I would suggest that you are potentially better off using a Random Forest for this purpose - Random Forests contain a number of trees modelled on subsets of your predictors.
Then, you are able to see the random_states that have been used in the model by simply using RandomForestVariableName.estimators_
I'll use my code as an example here:
with open('C:\Users\Saskia Hill\Desktop\Exported\FinalSpreadsheet.csv', 'rb') as csvfile:
titanic_reader = csv.reader(csvfile, delimiter=',', quotechar='"')
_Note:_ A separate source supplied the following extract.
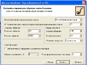 Рис. 3.23. Задання параметрів навчання карт Кохонена

row = titanic_reader.next()
feature_names = np.array(row)
# Load dataset, and target classes
titanic_X, titanic_y = [], []
for row in titanic_reader:
titanic_X.append(row)
titanic_y.append(row[11]) # The target values are your class labels
titanic_X = np.array(titanic_X)
titanic_y = np.array(titanic_y)
print titanic_X, titanic_y
print feature_names, titanic_X[0], titanic_y[0]
titanic_X = titanic_X[:, [2,3,4,5,6,7,8,9,10]] #these are your predictors/ features
feature_names = feature_names[[2,3,4,5,6,7,8,9,10]]
from sklearn import tree
rfclf = RandomForestClassifier(criterion='entropy', min_samples_leaf=1, max_features='auto', max_leaf_nodes=None, verbose=0)
rfclf = rfclf.fit(titanic_X,titanic_y)
rfclf.estimators_ #the output for this is pasted below:
[DecisionTreeClassifier(compute_importances=None, criterion='entropy',
max_depth=None, max_features='auto', max_leaf_nodes=None,
min_density=None, min_samples_leaf=1, min_samples_split=2,
random_state=1490702865, splitter='best'),
DecisionTreeClassifier(compute_importances=None, criterion='entropy',
max_depth=None, max_features='auto', max_leaf_nodes=None,
min_density=None, min_samples_leaf=1, min_samples_split=2,
random_state=174216030, splitter='best') ......
Random Forests thus introduce randomness into the Decision Tree files, and require no adjustment from the initial data used by the Decision Tree, but they act as a method of cross-validation supplying you with more confidence in the accuracy of your data (particularly if, like me, you have a small dataset).